> [Exercise objective]:
Below are entries with pictures among them; reproduce exactly, and only, the lines from the one containing "豚バラ肉で蓋をするようにしっかりと巻くことで、チーズがこぼれることを防ぎます。" down to the one containing "全12選 | ニコニコSHOP", without the pictures.

> [Material to process]:

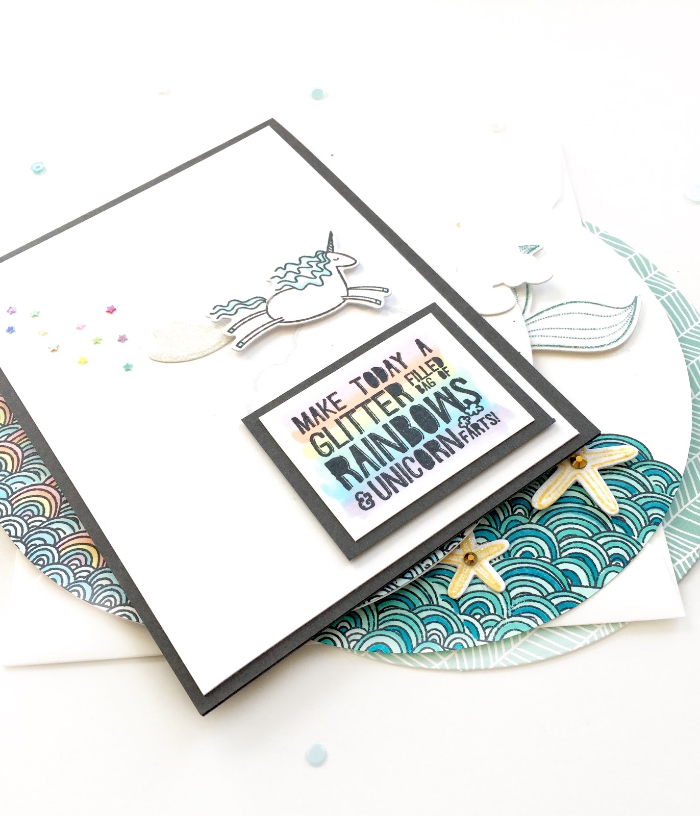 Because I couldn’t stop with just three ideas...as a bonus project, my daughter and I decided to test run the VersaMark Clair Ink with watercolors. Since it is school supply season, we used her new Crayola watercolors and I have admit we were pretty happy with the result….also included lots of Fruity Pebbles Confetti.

* * *

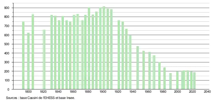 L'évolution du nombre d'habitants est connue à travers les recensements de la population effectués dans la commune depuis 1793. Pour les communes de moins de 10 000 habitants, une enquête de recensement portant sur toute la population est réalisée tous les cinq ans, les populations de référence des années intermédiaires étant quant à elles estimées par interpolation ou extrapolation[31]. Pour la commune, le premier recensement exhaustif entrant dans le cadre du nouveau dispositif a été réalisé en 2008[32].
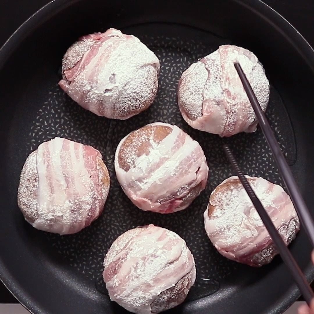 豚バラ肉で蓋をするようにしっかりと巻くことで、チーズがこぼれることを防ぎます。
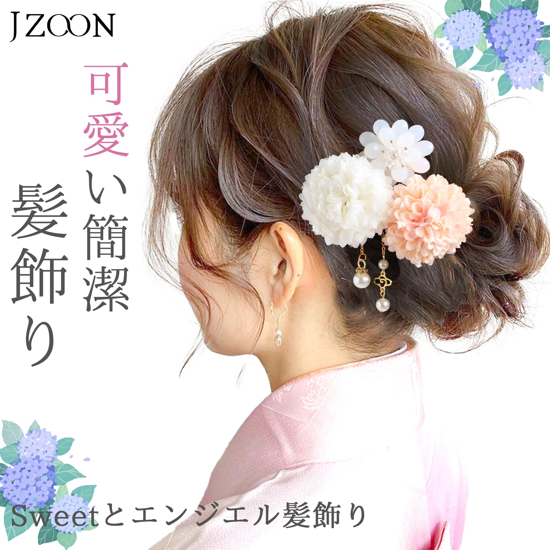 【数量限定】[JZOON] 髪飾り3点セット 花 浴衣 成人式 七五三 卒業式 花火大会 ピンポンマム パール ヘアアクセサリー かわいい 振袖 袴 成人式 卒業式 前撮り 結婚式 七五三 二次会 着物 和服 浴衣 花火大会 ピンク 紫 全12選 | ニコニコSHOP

* * *

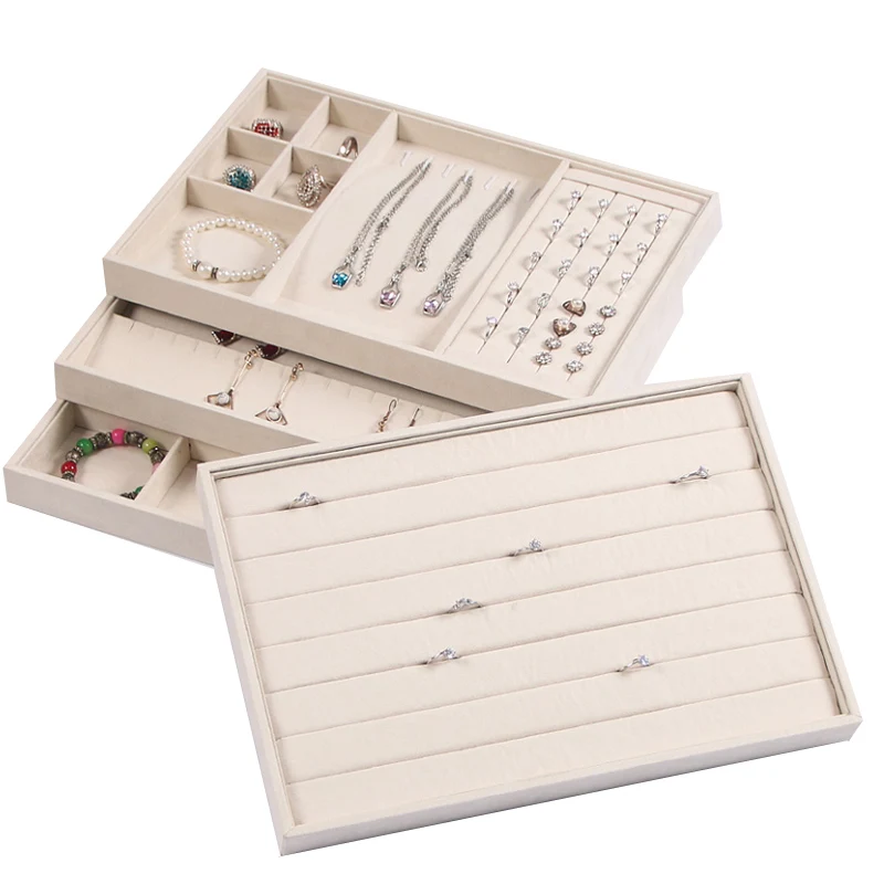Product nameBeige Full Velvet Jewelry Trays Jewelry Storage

> [Exercise solution]:
 豚バラ肉で蓋をするようにしっかりと巻くことで、チーズがこぼれることを防ぎます。
 【数量限定】[JZOON] 髪飾り3点セット 花 浴衣 成人式 七五三 卒業式 花火大会 ピンポンマム パール ヘアアクセサリー かわいい 振袖 袴 成人式 卒業式 前撮り 結婚式 七五三 二次会 着物 和服 浴衣 花火大会 ピンク 紫 全12選 | ニコニコSHOP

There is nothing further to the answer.